WHAT THE EXERCISE ASKS: Lines before the one containing "Click the OK" are not copied; that line and every one after it, through the end of the material below, are printed exactly, without pictures.

SUPPLIED INFORMATION:
════════════════════
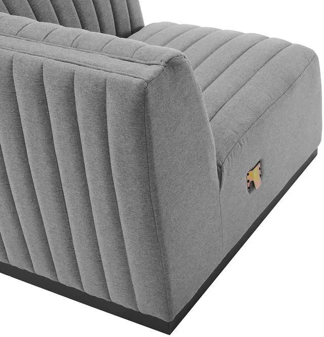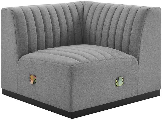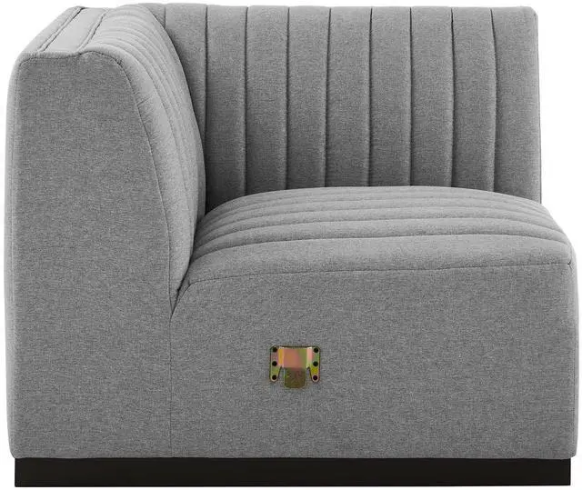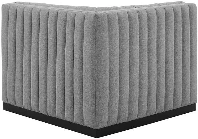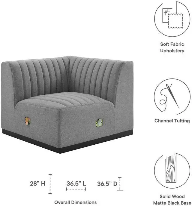 Modern appeal surrounds the Conjure Channel Tufted Upholstered Fabric Right Corner Chair. Soft and durable fabric upholstery covers dense foam padding and an individually wrapped spring coil system for a supportive living room chair that will become the go-to lounge spot for family and friends. Vertical channel tufting and subtle French piping adds depth to this vintage inspired sectional piece that effortlessly becomes the focal point in your living room. Solidly constructed from wood and plywood, this corner chair features non-marking foot caps and boasts a matte black base. Versatile and elegant, this sectional sofa piece is ideally suited for a variety of decor styles in your living room, lounge, or home office.
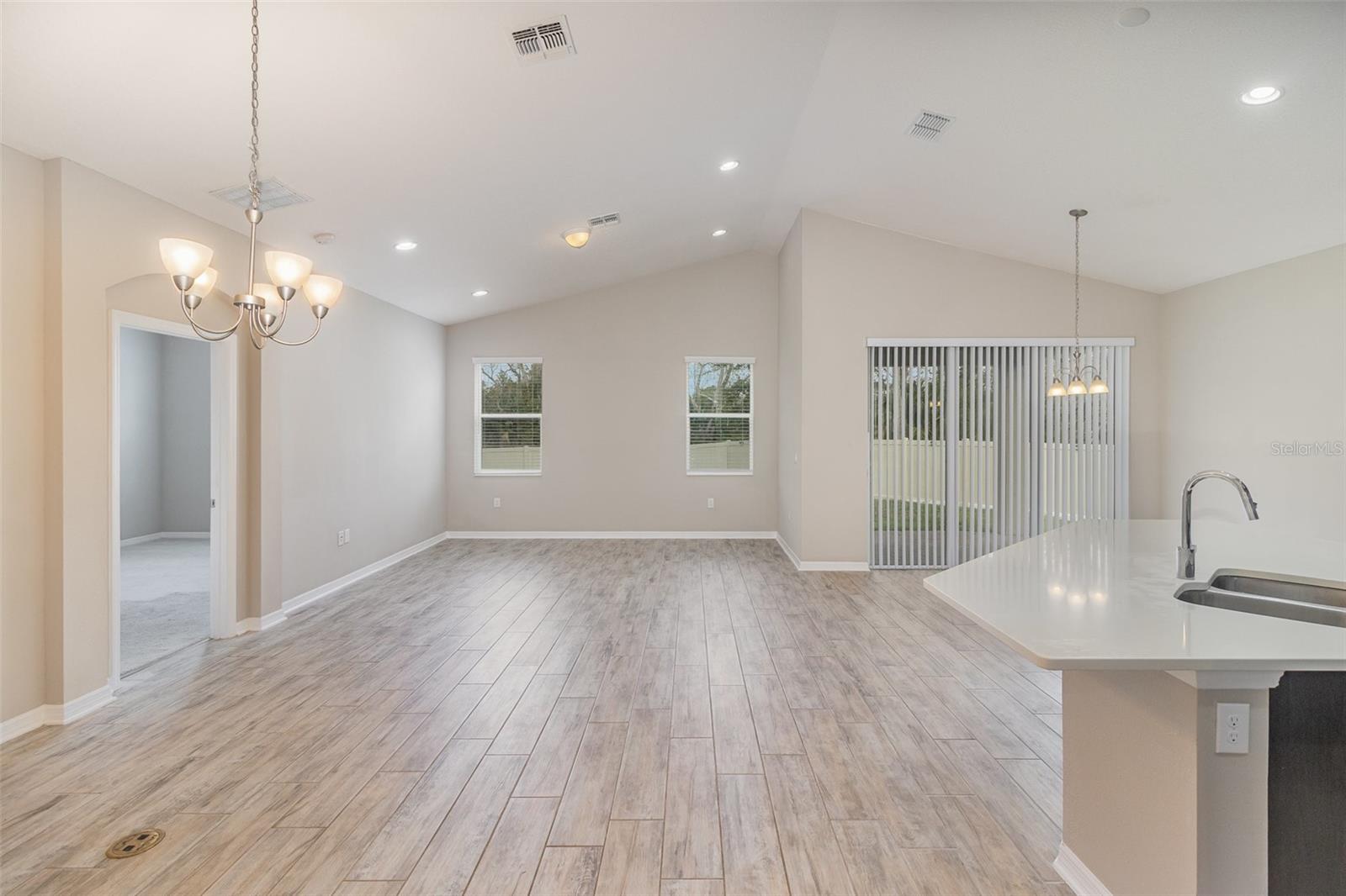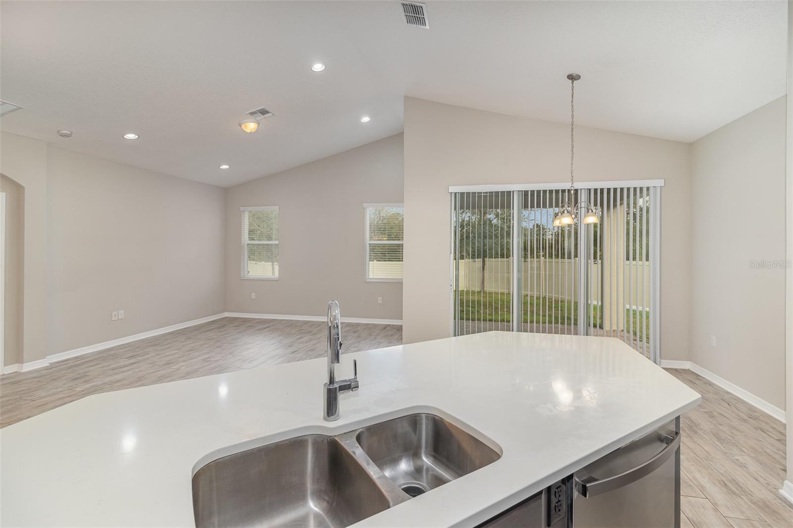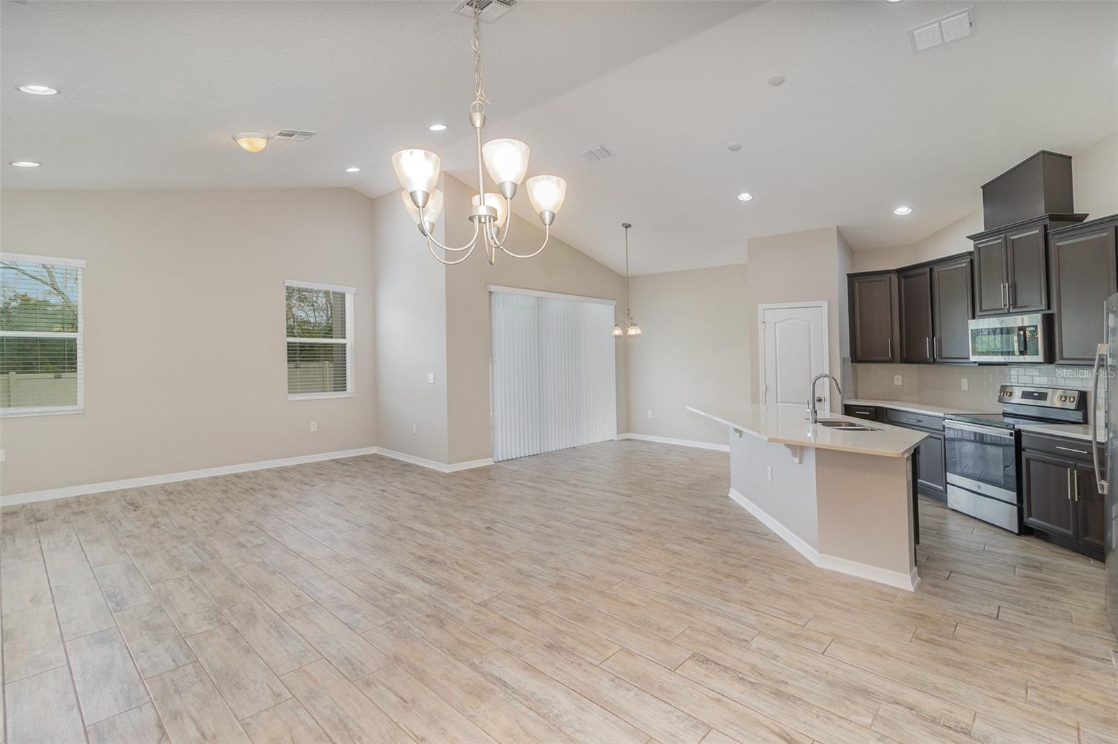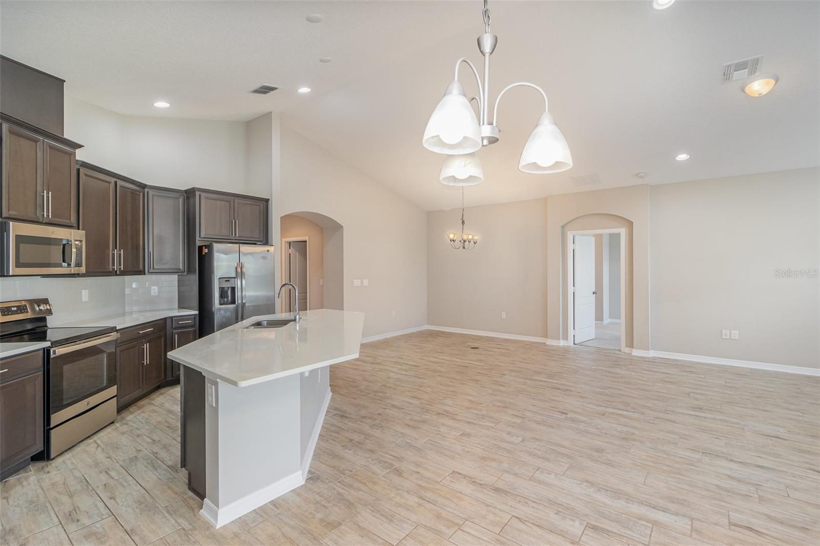 This lovely 3-bedroom, 2-bath home with a 2-car garage masterfully combines style and comfort within the serene, gated community of Cadence Park. Guests and family will revel in the privacy of the thoughtfully designed floor plan, featuring two welcoming bedrooms and a full bath at the front, while the master suite offers a tranquil retreat at the back. The elegant high ceilings in the main living areas creating a sense of openness, The open concept kitchen is the true centerpiece, 42 inch slate cherry wood cabinets, crown molding, modern hardware, quartz counter tops, beautiful backsplash, and the kitchen island with an under-mount sink. Complete with stainless steel appliances and a spacious pantry.
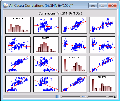 Click the OK button in the Batch (ByGroup): Correlation Matrices dialog box to run the analysis. An examination of the correlation between PWIDTH and the rest of the predictor variables will show considerable improvement this time, thus providing us with sufficient reason to believe that PWIDTH can be sufficiently modeled using SLENGTH, SWIDTH, and PLENGTH. A visual inspection of the scatterplot graphs confirms this finding.
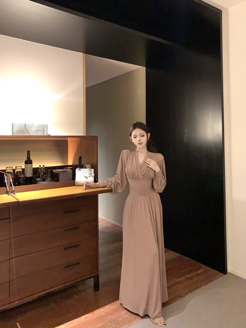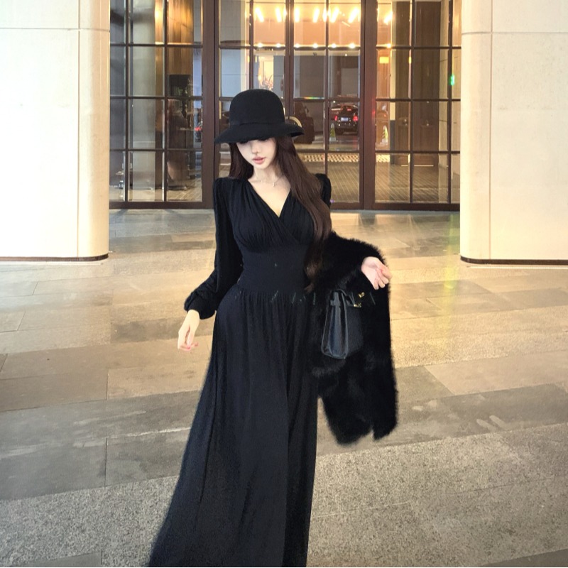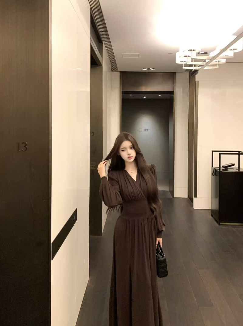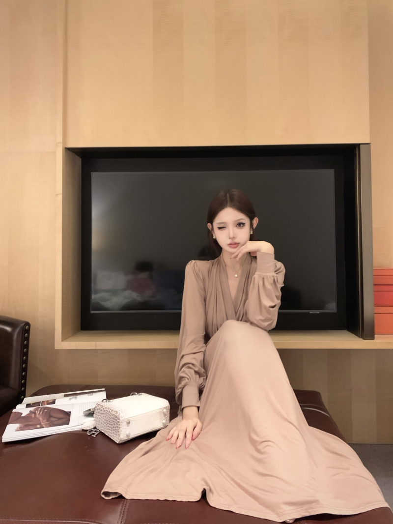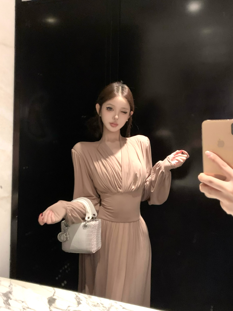 Home > 夜店裙、长袖连衣裙 > FA42558# 法式高级感气质V领收腰显瘦长袖连衣裙 服裝批發女裝批發服飾貨源
════════════════════
EXPECTED OUTPUT:
 Click the OK button in the Batch (ByGroup): Correlation Matrices dialog box to run the analysis. An examination of the correlation between PWIDTH and the rest of the predictor variables will show considerable improvement this time, thus providing us with sufficient reason to believe that PWIDTH can be sufficiently modeled using SLENGTH, SWIDTH, and PLENGTH. A visual inspection of the scatterplot graphs confirms this finding.
 Home > 夜店裙、长袖连衣裙 > FA42558# 法式高级感气质V领收腰显瘦长袖连衣裙 服裝批發女裝批發服飾貨源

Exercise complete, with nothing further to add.